Cosa diversa e scenari diametralmente mutati potrebbero uscire dal ballottaggio tra Raggi e Meloni, tra Raggi e Giachetti, ed in ultima analisi, anche se solo per proporla come provocazione ai nostri lettori, tra Giachetti e Meloni e tra Marchini e la Raggi. Nel primo caso, con ogni probabilità ed al netto di ulteriori infortuni dell’avvocatessa grillina, sarebbe proprio lei a conquistare la poltrona di primo cittadino di Roma Capitale. Le dinamiche dell’elettorato sono tutte a suo favore. Non è infatti assolutamente ipotizzabile una fuga dell’elettorato centrista, di centrosinistra e sinistra radicale, verso la Meloni. Tutti o quasi i voti in libera uscita di Giachetti, Fassina, dei simpatizzanti dell’ex sindaco Marino sarebbero destinati a finire nel canestro della Raggi. Scenari diversi nel confronto tra Raggi e Giachetti.
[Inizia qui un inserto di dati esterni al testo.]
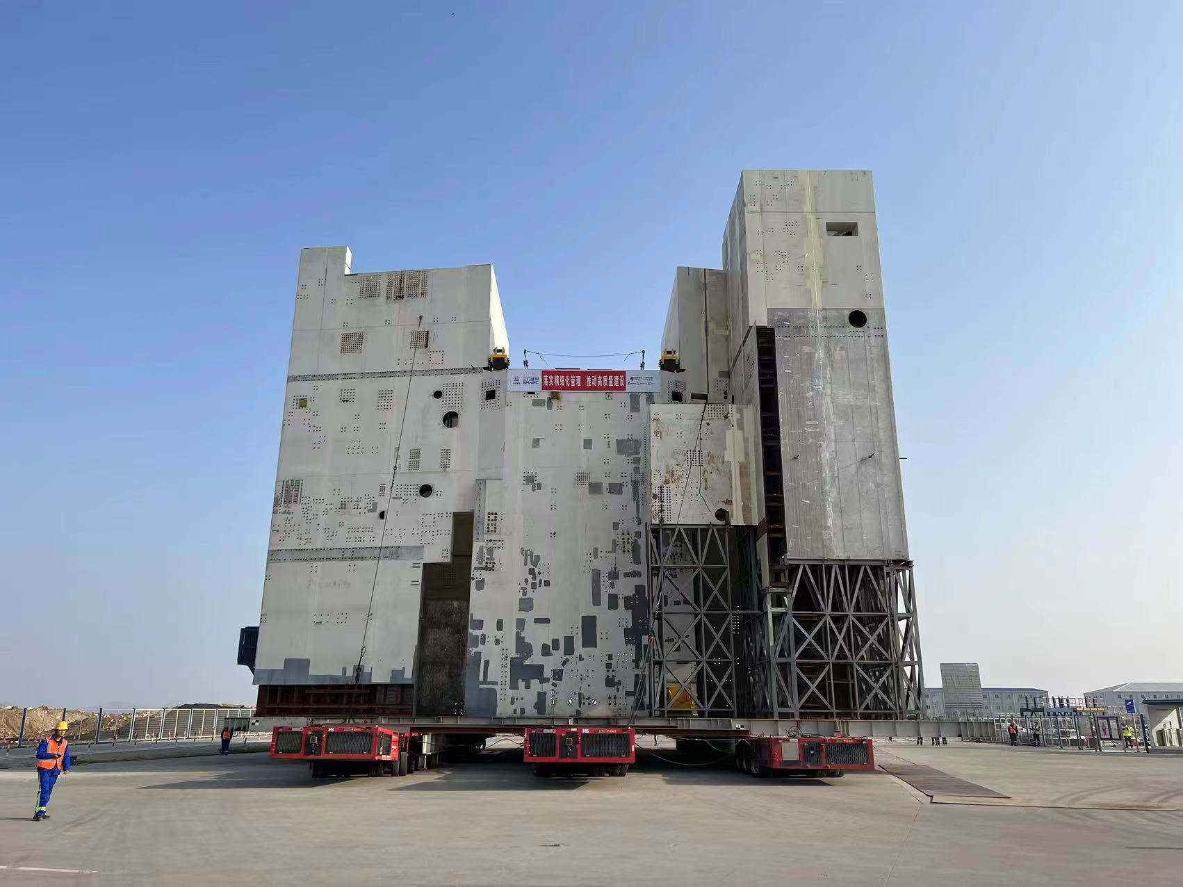 自行式模塊運輸車整車寬3m,由4套動力模塊單元、8臺模塊單元車以及并車所需附件組合而成,共56軸線。此車配備了液壓驅(qū)動、液壓升降、液壓轉(zhuǎn)向的特種車輛,運輸車整體長度可根據(jù)貨物裝載的需要,可將動力車組進行自由拼接,聯(lián)動作業(yè),可實現(xiàn)同步前進、倒退、原地轉(zhuǎn)向、水平移動,堪稱中國版“變形金剛”。此自行式模塊運輸車曾參加過國慶閱兵、三門核電設備運輸?shù)却笮突顒印?/p>

In questo caso, una buona parte dell’elettorato della destra finirebbe nella pancia della Raggi, con poche briciole, forse qualche elettore di centro marchiniano, per il vicepresidente della Camera. Nella terza ipotesi, quella del ballottaggio tra Giachetti e Meloni, netto sarebbe il vantaggio per il candidato del Pd, che incasserebbe il voto moderato e centrista, buona parte o tutto quello dell’elettorato schierato con Fassina e Ignazio Marino, alcune frange di chi aveva scelto Bertolaso al primo turno. Per la Meloni sarebbe solo una difesa d’ufficio del bunker FdI-Lega da giocare successivamente nella partita con Berlusconi. Altro scenario, ma visti i numeri del sondaggio, decisamente impraticabile nella realtà, ovvero i ballottaggi tra Marchini e la Raggi, o tra Bertolaso e sempre la Raggi. Se si realizzasse questa ipotesi, tutto potrebbe finire con una vittoria per pochi punti percentuali. Decisamente favoriti  sia Marchini che Bertolaso. I voti della componente moderata del Pd potrebbero infatti cementarsi con quelli di una larga parte del centrodestra, quasi a certificare quello che ipotizzavano alcuni autorevoli organi di stampa, con la ‘storiella’ che sia Marchini che Bertolaso ed anche lo stesso Giachetti potrebbero fare carte false per imporre la sconfitta alla Raggi. Quel che è comunque certo è che la Raggi è in vantaggio su tutti gli altri competitor ed alla data del 27 aprile 2016 potrebbe anche diventare sindaco di Milano, pardon, di Roma Capitale, sempre che il giovane e supremo leader Casaleggio jr esprima il suo consenso, magari con una posta certificata.